As the minerals and mining industry address these challenges, they can realize
• Significantly improved processes for exploration with lower cost and reduced time also provide enhanced collaboration with ease, allowing strategic decisions to be made even faster.
• AI models for predictive monitoring and maintenance via sensors, IoT, and other data sets can predict failures well before they occur, thus reducing downtime and maintenance costs. This reassurance about the benefits of technology should make the audience feel confident about the industry’s future.
• AI applications will enable the industry to shift its focus from operational efficiency to operations efficiency, not just on industry benchmarks but against its own benchmark year over year. This shift in focus should inspire the audience about the industry’s potential for growth and improvement.

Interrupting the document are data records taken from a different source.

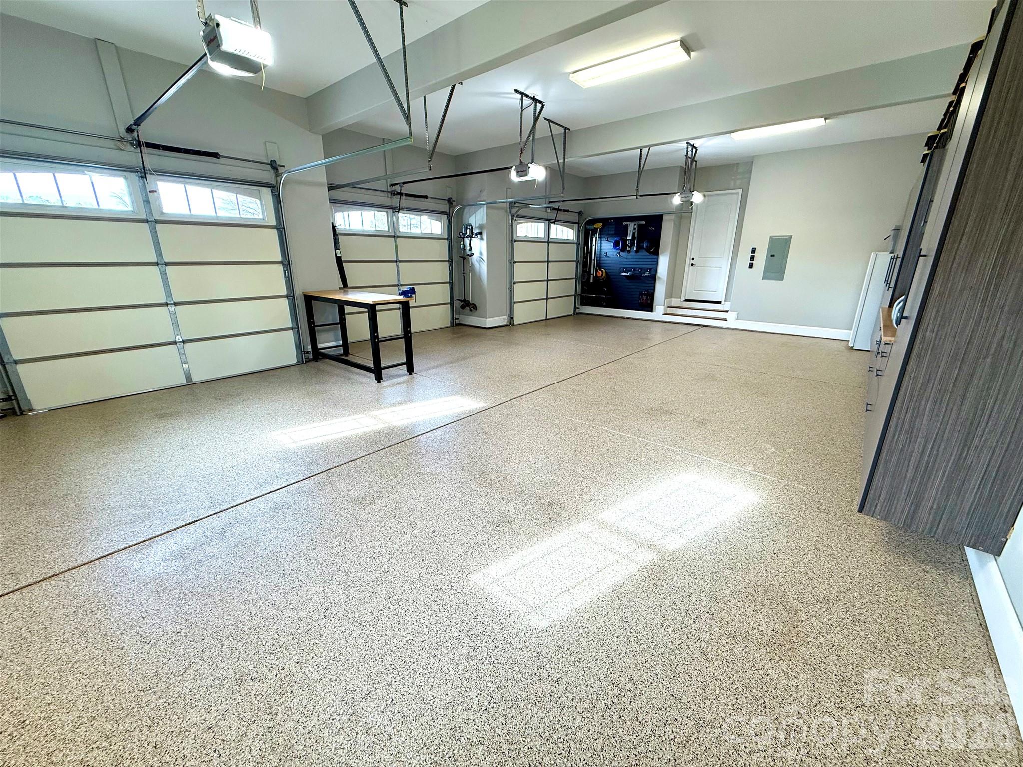 Additional highlights include the custom-finished oversized three-car garage with premium flooring and built-in cabinetry, extra side parking space ideal for boat or RV storage, and an in-ground 500-gallon propane tank serving the home.
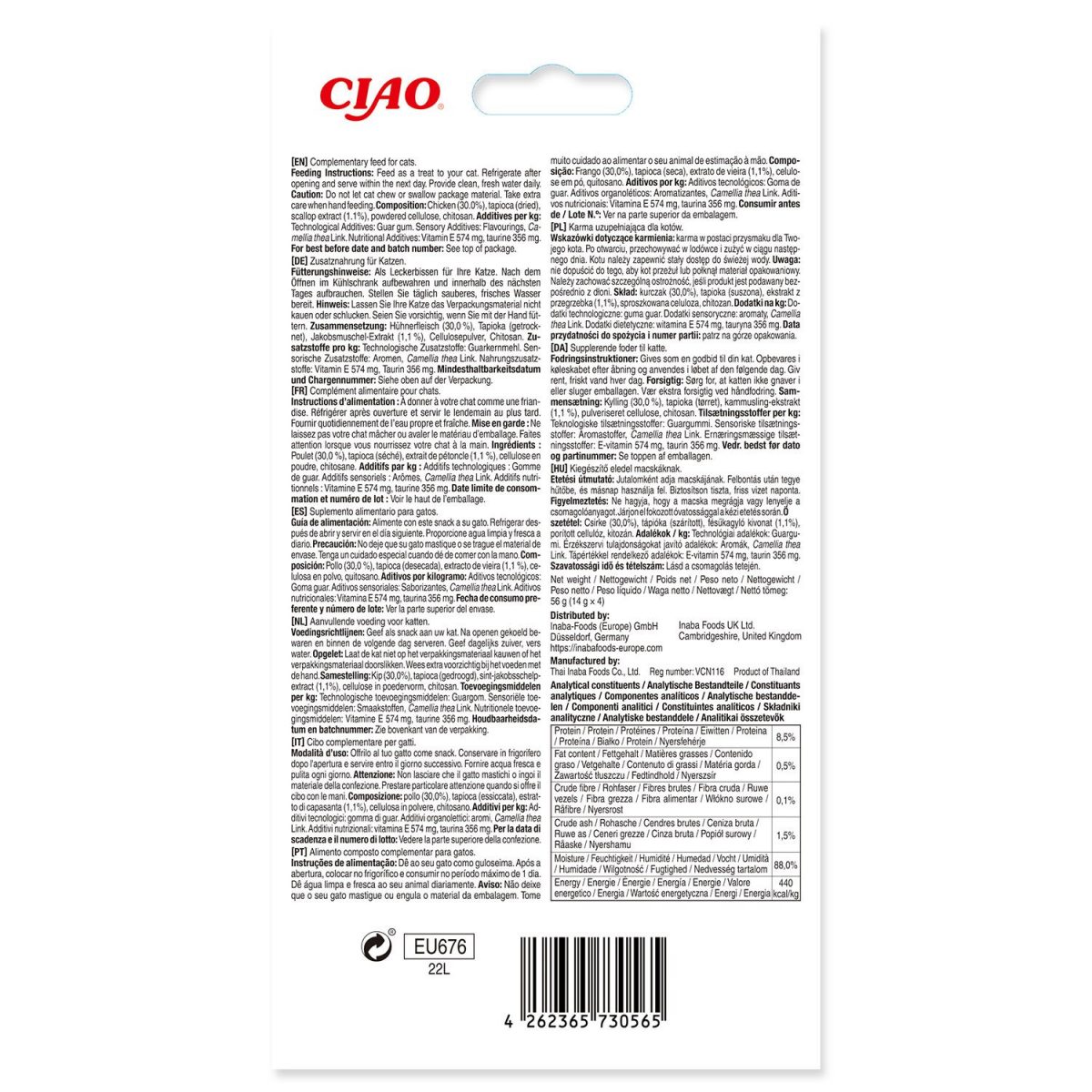 Každý produkt Inaba je vyroben z lahodných vysoce kvalitních surovin, včetně kuřete chovaného na farmě nebo přírodního tuňáka uloveného ve volné přírodě. První svého druhu krémová pochoutka navržená tak, aby napomáhala kontrole chlupů. Naše originální složení Churu s přidanou nerozpustnou rostlinnou vlákninou pro podporu zdravého trávení a kontrolu chlupů. Hydratace je důležitá, takže pochoutky Churu Hairball Control Treats mají 88% vlhkosti. Váš kočičí přítel je pro nás důležitý, takže jsme z našich kočičích pamlsků vynechali věci jako obilí, konzervační látky, umělá barviva a karagenan, ale přidali jsme věci jako vitamín E pro imunitu a taurin pro celkové zdraví.
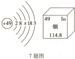 7. 铟元素在手机屏、5G核心材料等方面有广泛应用,铟原子的结构示意图及铟元素在元素周期表中的相关信息如图所示,下列说法不正确的是(

In summary, while the minerals and mining industry has made some progress in leveraging data analytics, there is a long way to go to be an IR 5.0-ready industry, and significant capital loss and inefficiencies are yet to be reduced. AI-driven applications will lead the industry to accelerate the transformation in this digital era, so they increase their focus on deep mining, high-value mining, and rare mineral mining at a reasonable cost and high value.
About the Author
Dr. Satyam Priyadarshy, Founder of Reignite Future is a transformational leader who leaves an indelible mark on the industry, educational. and research institutes, with his unique blend of scientific knowledge, technology expertise, and business acumen. He is one of the most sought-after transformational leaders in energy, oil and gas, mining and emerging technology industry. He is an adjunct/visiting Professor at number of universities/institutes in USA, India and other countries.